WHAT YOU WILL DO -> Look for the line containing "-Anđele naš, trebalo" and the line containing "This app is" in the entries below. Copy those two and all lines between them exactly, leaving out pictures.

TASK INPUTS ->
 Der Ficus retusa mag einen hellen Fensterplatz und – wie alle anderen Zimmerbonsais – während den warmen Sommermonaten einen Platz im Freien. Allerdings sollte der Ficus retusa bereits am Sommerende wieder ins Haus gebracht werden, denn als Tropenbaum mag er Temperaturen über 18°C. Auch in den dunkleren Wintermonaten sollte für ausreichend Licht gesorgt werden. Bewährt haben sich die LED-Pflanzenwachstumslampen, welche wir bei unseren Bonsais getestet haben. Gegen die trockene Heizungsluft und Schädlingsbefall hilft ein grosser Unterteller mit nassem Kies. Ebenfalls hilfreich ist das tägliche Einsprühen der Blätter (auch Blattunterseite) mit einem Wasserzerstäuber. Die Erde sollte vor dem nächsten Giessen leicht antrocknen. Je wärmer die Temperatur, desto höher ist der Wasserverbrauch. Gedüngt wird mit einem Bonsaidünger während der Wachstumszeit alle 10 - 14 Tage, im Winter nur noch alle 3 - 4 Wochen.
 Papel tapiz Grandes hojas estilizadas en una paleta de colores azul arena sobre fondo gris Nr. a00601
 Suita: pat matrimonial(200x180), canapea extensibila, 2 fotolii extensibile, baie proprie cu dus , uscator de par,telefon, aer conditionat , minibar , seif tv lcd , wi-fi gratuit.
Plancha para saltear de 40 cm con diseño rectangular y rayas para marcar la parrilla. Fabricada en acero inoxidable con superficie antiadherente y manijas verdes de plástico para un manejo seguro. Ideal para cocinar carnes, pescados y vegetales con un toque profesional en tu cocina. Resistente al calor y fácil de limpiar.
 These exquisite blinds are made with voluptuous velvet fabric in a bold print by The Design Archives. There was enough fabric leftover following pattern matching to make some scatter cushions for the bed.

...

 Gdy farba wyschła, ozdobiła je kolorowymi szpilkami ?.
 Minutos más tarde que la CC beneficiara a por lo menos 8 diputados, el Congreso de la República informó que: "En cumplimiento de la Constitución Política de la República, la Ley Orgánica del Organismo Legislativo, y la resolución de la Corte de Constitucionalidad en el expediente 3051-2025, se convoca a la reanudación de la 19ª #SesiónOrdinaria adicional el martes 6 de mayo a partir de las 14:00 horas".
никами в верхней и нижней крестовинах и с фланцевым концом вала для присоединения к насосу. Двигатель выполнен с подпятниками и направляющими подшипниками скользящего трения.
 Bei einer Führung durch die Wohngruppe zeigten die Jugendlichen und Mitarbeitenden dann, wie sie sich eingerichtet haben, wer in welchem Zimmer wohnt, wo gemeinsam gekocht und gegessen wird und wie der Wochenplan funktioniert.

---

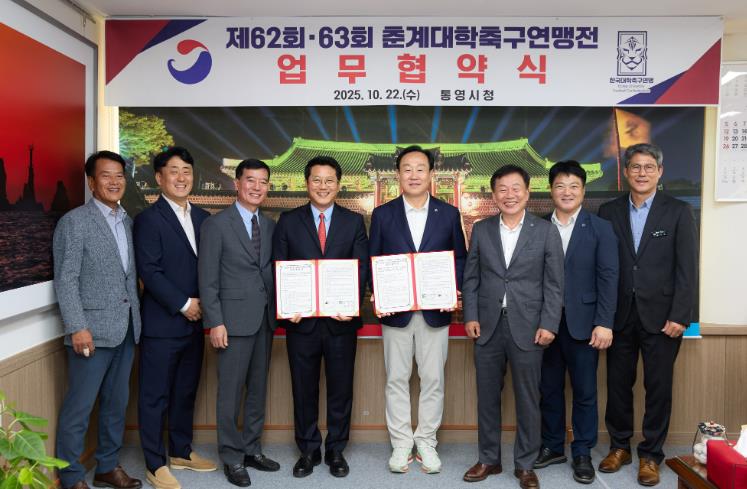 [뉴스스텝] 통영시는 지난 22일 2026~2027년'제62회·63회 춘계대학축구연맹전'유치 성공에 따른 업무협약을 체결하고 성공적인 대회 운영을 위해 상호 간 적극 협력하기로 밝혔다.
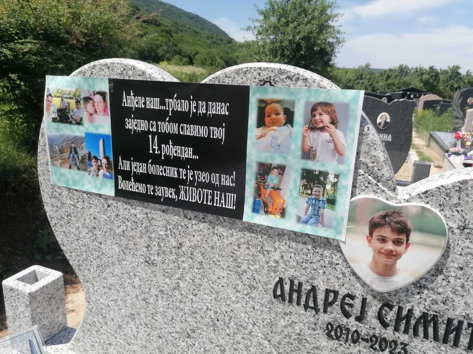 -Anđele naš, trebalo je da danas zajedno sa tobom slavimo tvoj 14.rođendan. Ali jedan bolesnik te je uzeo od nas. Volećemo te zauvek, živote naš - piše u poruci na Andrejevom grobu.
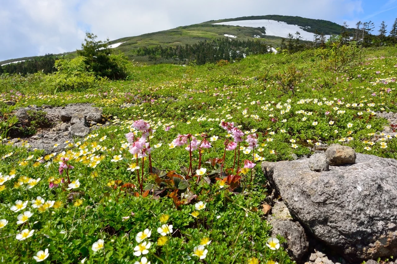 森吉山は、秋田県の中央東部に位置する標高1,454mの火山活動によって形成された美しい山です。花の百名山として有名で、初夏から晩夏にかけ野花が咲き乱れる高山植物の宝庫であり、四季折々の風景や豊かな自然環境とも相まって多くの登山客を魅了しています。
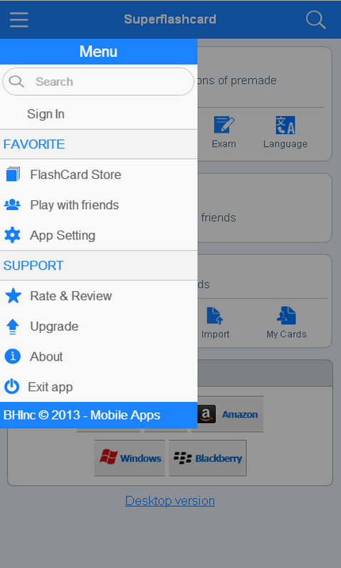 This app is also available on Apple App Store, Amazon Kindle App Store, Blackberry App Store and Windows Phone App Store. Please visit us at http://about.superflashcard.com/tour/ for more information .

FINAL ANSWER ->
 -Anđele naš, trebalo je da danas zajedno sa tobom slavimo tvoj 14.rođendan. Ali jedan bolesnik te je uzeo od nas. Volećemo te zauvek, živote naš - piše u poruci na Andrejevom grobu.
 森吉山は、秋田県の中央東部に位置する標高1,454mの火山活動によって形成された美しい山です。花の百名山として有名で、初夏から晩夏にかけ野花が咲き乱れる高山植物の宝庫であり、四季折々の風景や豊かな自然環境とも相まって多くの登山客を魅了しています。
 This app is also available on Apple App Store, Amazon Kindle App Store, Blackberry App Store and Windows Phone App Store. Please visit us at http://about.superflashcard.com/tour/ for more information .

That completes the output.